Une épice "interdite" ? En France, les chefs pâtissiers en font souvent usage, mais dans d'autres nations, elle est banie…
Imaginez un instant une semoule au lait sans vanille, des spéculoos sans cannelle, ou encore une pumpkin pie sans muscade. Les épices jouent un rôle crucial en pâtisserie, apportant non seulement saveur mais aussi caractère et originalité. Elles permettent aux gâteaux et entremets d'avoir une profondeur de goût, tout en reflétant le style unique de chaque pâtissier.
Le défi avec les épices réside dans leur dosage. Si elles sont trop discrètes, leur présence est imperceptible ; si elles dominent, elles gênent le palais. Trouver la balance parfaite est essentiel pour éviter de compromettre l'harmonie des saveurs. Mais cette prudence ne s'explique pas uniquement par des raisons gustatives. Certaines épices contiennent des composants biologiquement actifs qui peuvent, en excès, nuire à la santé.
L'une de ces épices est la fève tonka, critiquée en raison de sa forte concentration en coumarine. Cette molécule, au parfum de foin fraîchement coupé, pourrait entraîner des effets néfastes sur le foie si elle est consommée de manière excessive ou régulière. En 2008, l'EFSA (European Food Safety Authority) a fixé une limite de 0,1 mg de coumarine par kilogramme de poids corporel.
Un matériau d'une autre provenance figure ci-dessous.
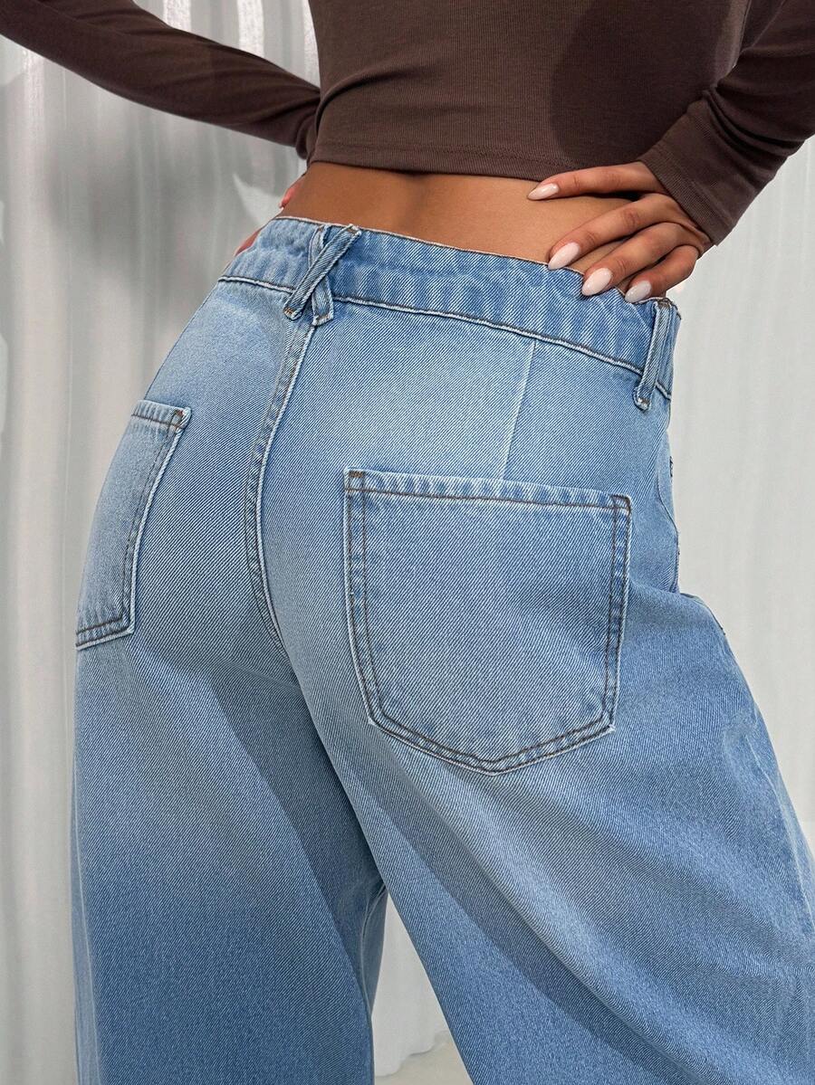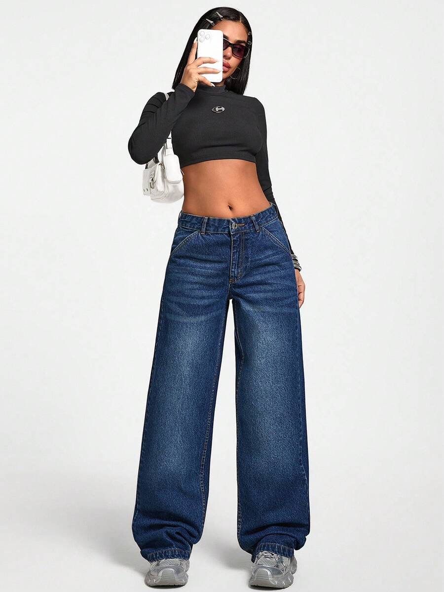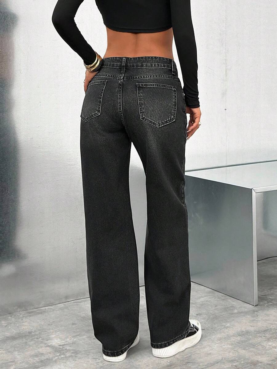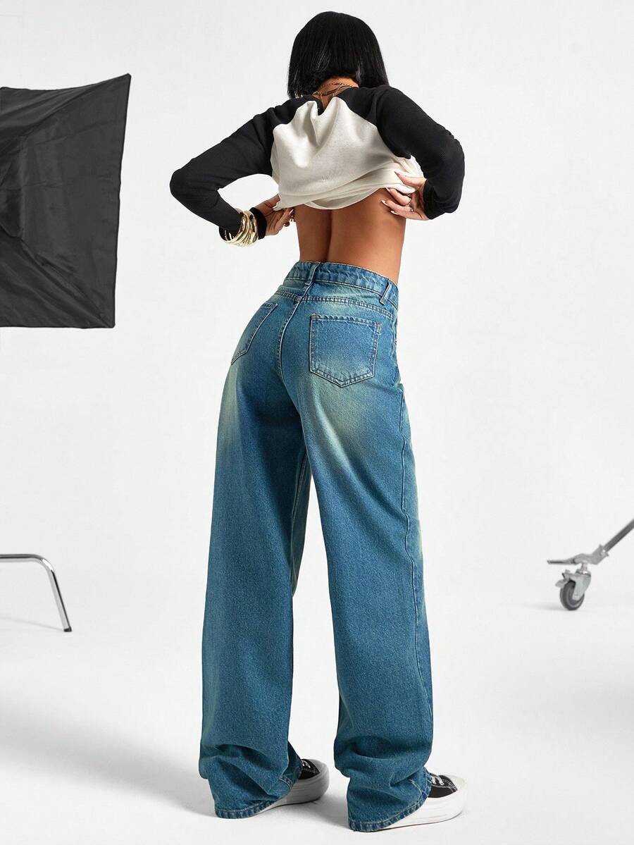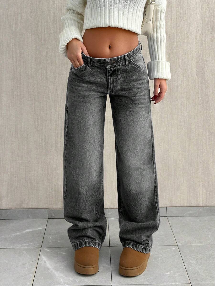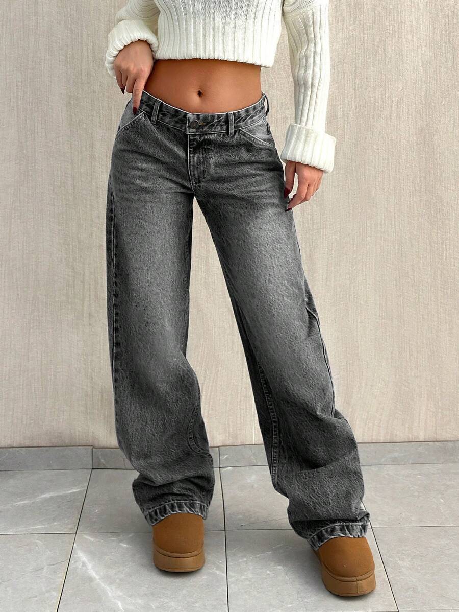 Jeans casual larghi a vita media e gamba dritta da donna

La FDA (Food and Drug Administration) des États-Unis a même stipulé que les aliments contenant de la coumarine, que ce soit naturellement via les fèves tonka ou comme extrait, sont considérés comme frelatés. En Belgique, une réglementation permet uniquement son utilisation sous forme d'arôme alimentaire.
Doit-on pour autant renoncer à une mousse au chocolat ou une crème brûlée parfumée à la fève tonka ? Avec un taux de coumarine variant entre 1 et 3 % (environ 54 mg pour une fève d'1,8 g), ce n'est pas à ce rythme que l'on atteindrait des niveaux préoccupants en dégustant ces plats. Les pâtissiers évitent de râper la fève entièrement, tant son goût est puissant. De plus, il est rare de consommer un fondant seul, et encore moins chaque jour. Paracelse nous rappelait que "c'est la dose qui fait le poison" ; cette maxime s'applique aussi aux épices.